◆ PROBLEM TO WORK ON
Look for the line containing "Two other colours" and the line containing "MEC RB2USBT/6獨立開關拖板 (4" in the entries below. Copy those two and all lines between them exactly, leaving out pictures.

◆ DATA SUPPLIED
Segment Open

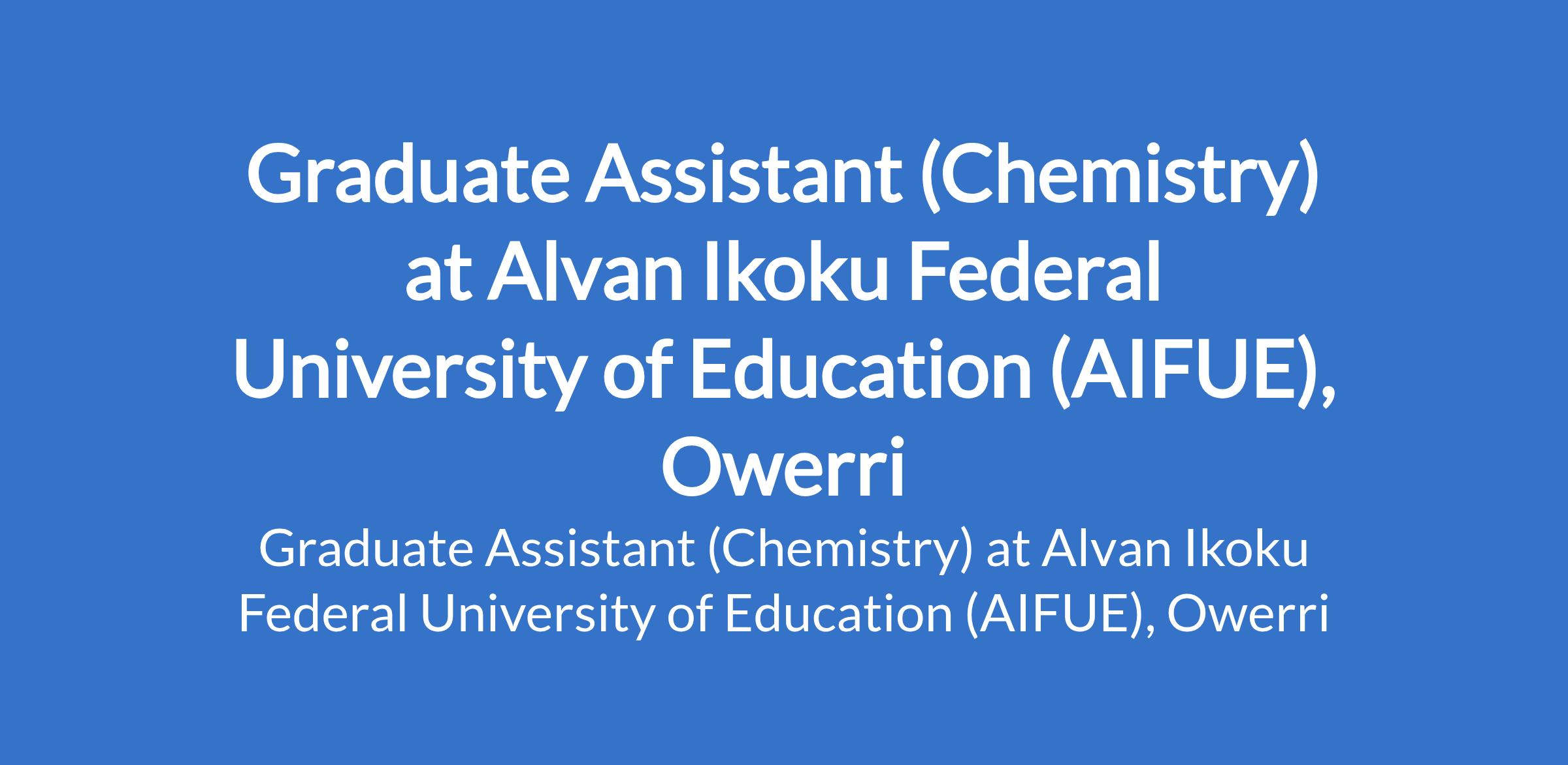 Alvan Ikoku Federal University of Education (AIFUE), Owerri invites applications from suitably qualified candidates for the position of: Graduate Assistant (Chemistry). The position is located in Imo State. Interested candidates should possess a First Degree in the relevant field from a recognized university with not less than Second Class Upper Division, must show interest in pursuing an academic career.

Segment Closed
Segment Open

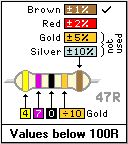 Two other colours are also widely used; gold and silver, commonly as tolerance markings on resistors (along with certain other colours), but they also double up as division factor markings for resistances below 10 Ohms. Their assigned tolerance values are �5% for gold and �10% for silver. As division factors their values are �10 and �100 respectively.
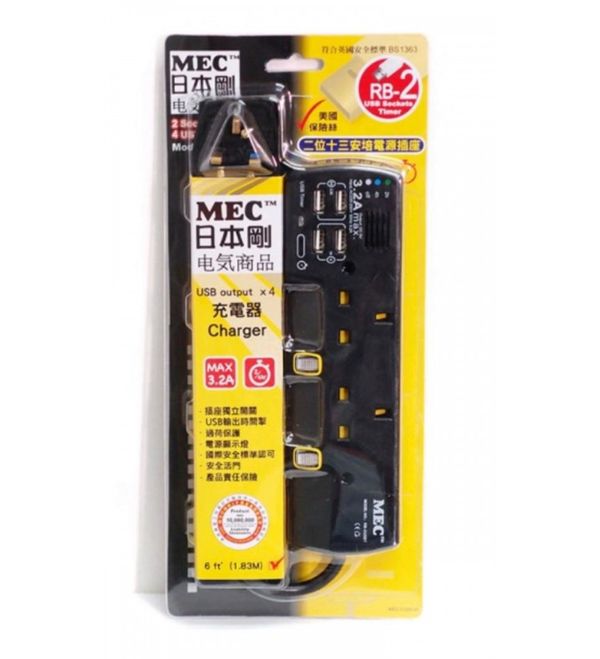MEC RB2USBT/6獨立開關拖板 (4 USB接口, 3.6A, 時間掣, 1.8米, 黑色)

Segment Closed
Segment Open

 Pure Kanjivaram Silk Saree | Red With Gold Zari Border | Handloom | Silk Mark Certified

Segment Closed

◆ OUTPUT OF THE EXERCISE
 Two other colours are also widely used; gold and silver, commonly as tolerance markings on resistors (along with certain other colours), but they also double up as division factor markings for resistances below 10 Ohms. Their assigned tolerance values are �5% for gold and �10% for silver. As division factors their values are �10 and �100 respectively.
MEC RB2USBT/6獨立開關拖板 (4 USB接口, 3.6A, 時間掣, 1.8米, 黑色)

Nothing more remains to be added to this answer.